Abstract
With around 20–40% of our bodyweight, skeletal muscles are the biggest organ complex of the human body. Being a metabolic active tissue, muscle mass, function and fibertype composition is highly regulated in a tight spatial-temporal manner. In geriatric patients, it is essentially important to understand the underlying mechanisms of the age related losses of fiber size and total number of fibers, as well as fibertype shifting.
To date, there have been few studies dealing with gene expression profiling of skeletal muscles, mostly focusing on age related differences in whole-muscle specimen. Being carried out on mouse or rat limb muscles, most other studies do not represent the conditions of human muscle, due to the differences in fibertype composition. Our study provides a fibertype-specific approach for whole-genome expression analysis in human skeletal muscle.

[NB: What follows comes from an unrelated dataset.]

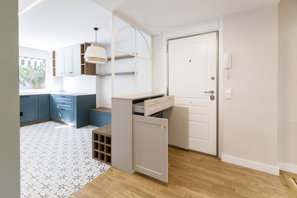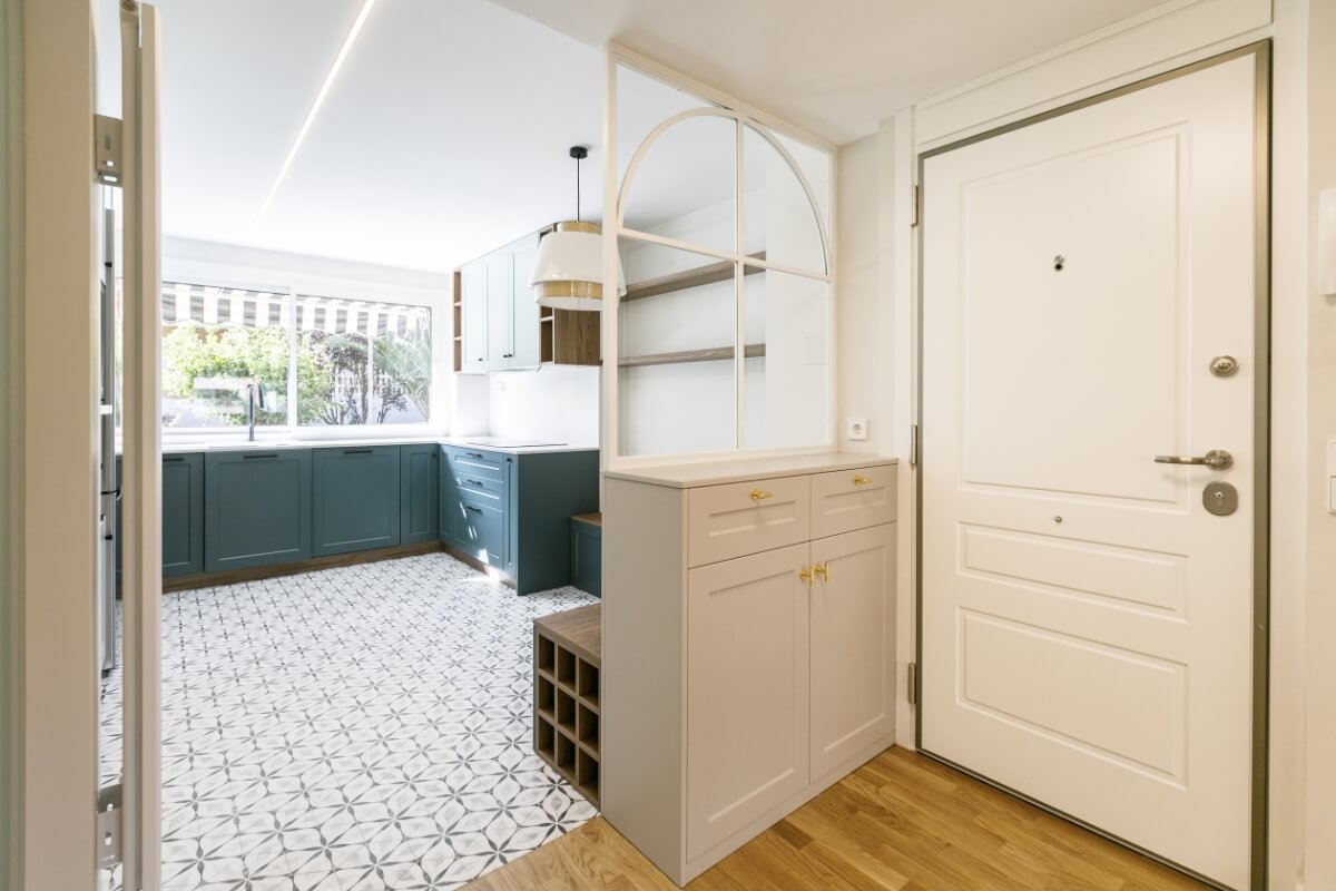 Es una reforma integral de piso de 115m2, zona Chamartín. Se redistribuyen por completo todos los espacios.

22 fresh frozen biceps brachii and quadriceps femoris muscle samples were acquired from the muscle bank of the Friedrich-Baur-Institut, Department of Neurology, Ludwig-Maximilians-University, Munich, Germany. Consecutive cross-sections were used for immunohistochemical myosine-heavy-chain-staining and individual fibers were acquired by laser-capture-microdissection. Around 100 cells of each fibertype of each biopsy were dissected, reversely transcribed, pre-amplified and labeled for microarray analysis. Fiber type-specific gene expression was analyzed with ANOVA. Correction for multiple testing was performed using the Benjamini-Hochberg procedure with a conservative threshold and the pathway analysis was carried out using the Ingenuity Pathway Analysis program (QIAGEN).
By comparing type I vs. type IIa, type I vs. type IIx and type IIa vs. type IIx, we could identify 2855, 2865 and 510 differentially expressed genes. As expected, many differentially regulated genes belong to functional groups like cytoskeleton, muscle contraction and energy metabolism, proving the feasibility of our study. However, many genes that are involved in the response to oxidative stress were also differently regulated, showing distinct mechanisms of the different fiber types, of coping with oxidative stress. In consensus with available literature, the relative proportion of type I fibers seemed to increase with age. Despite higher levels of oxidative stress, type I fibers seem to have more efficient antioxidative mechanisms in comparison to type IIa and IIx fibers, which might explain the higher vulnerability of members of the type II family to oxidative stress. Furthermore, genes that are involved in fibertype specification were also regulated differently. However, we could not verify an age-specific activation of pathways involved in fibertype shifting. Whether fibertype shifting is solely due to disproportionate loss of type II fibers, or also in vivo - transdifferentiation of fibers, has to be investigated further.